Give back exactly the lines of the material below that start at the line containing "Играет на Counter" and end at the line containing "Офисный стол Кобор", and no others.

* _EXCERPTED DATA_

BEGIN

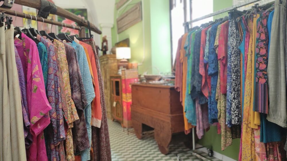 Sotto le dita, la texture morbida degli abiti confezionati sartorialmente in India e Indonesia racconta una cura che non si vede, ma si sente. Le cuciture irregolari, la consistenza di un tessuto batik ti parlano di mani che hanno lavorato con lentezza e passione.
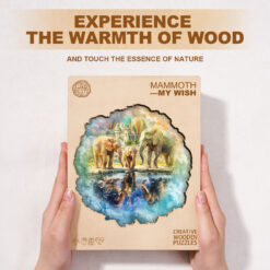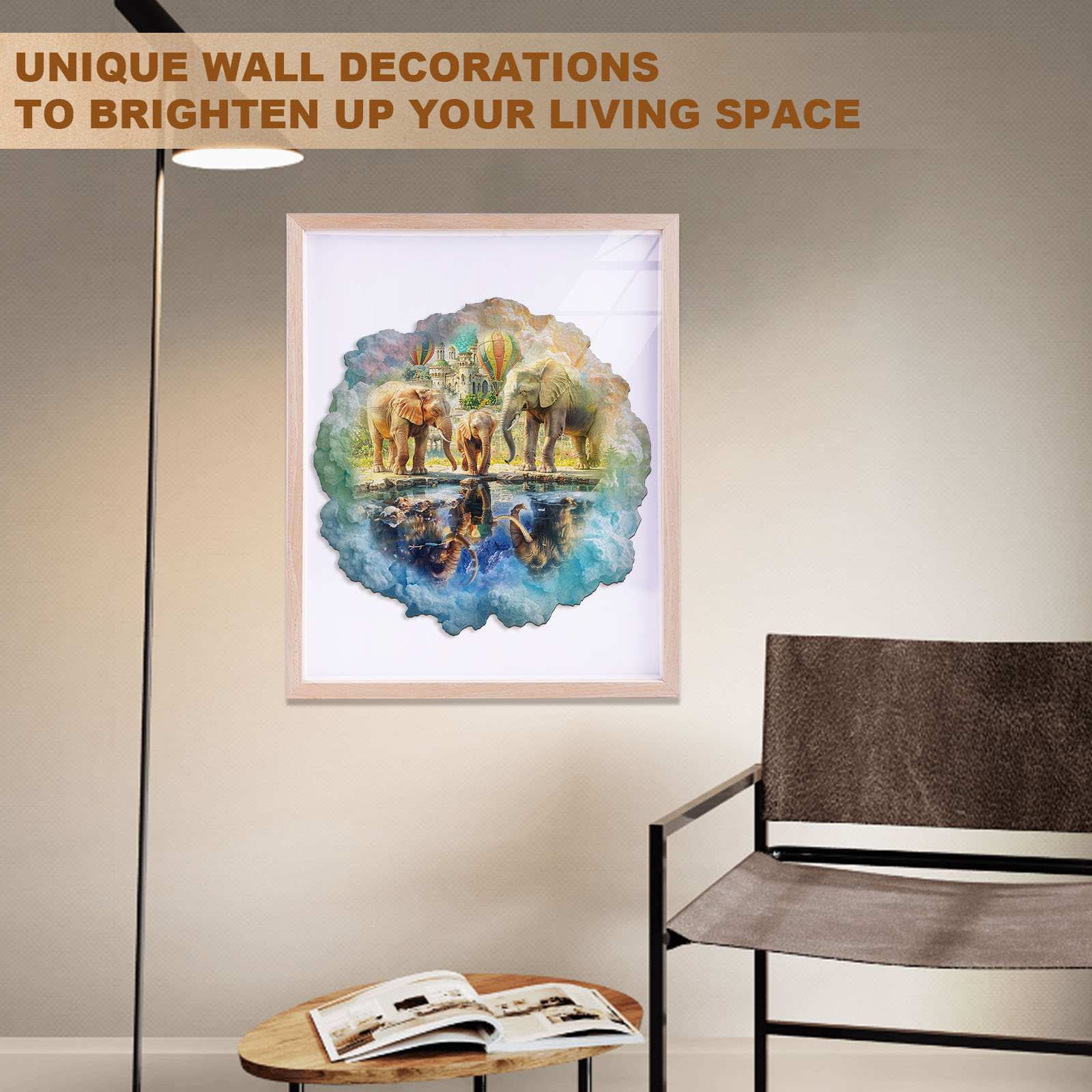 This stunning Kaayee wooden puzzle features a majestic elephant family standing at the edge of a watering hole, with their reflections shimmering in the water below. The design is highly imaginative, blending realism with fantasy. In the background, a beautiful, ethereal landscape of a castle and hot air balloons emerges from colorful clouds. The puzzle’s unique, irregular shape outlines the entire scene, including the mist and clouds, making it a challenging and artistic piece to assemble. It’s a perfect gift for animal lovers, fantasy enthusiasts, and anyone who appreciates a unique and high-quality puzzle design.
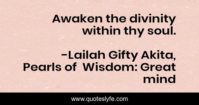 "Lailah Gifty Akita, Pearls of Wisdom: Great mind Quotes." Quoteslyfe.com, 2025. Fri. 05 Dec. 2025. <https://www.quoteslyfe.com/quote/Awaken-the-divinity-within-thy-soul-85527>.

END
BEGIN

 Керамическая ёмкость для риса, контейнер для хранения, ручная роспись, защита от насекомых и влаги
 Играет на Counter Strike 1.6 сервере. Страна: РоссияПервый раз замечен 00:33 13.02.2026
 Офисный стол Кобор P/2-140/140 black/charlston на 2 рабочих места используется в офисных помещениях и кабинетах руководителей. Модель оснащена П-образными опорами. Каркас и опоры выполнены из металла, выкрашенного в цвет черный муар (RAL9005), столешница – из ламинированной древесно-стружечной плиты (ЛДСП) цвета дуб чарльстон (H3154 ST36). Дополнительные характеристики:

END

* _ANSWER BOX_
 Играет на Counter Strike 1.6 сервере. Страна: РоссияПервый раз замечен 00:33 13.02.2026
 Офисный стол Кобор P/2-140/140 black/charlston на 2 рабочих места используется в офисных помещениях и кабинетах руководителей. Модель оснащена П-образными опорами. Каркас и опоры выполнены из металла, выкрашенного в цвет черный муар (RAL9005), столешница – из ламинированной древесно-стружечной плиты (ЛДСП) цвета дуб чарльстон (H3154 ST36). Дополнительные характеристики:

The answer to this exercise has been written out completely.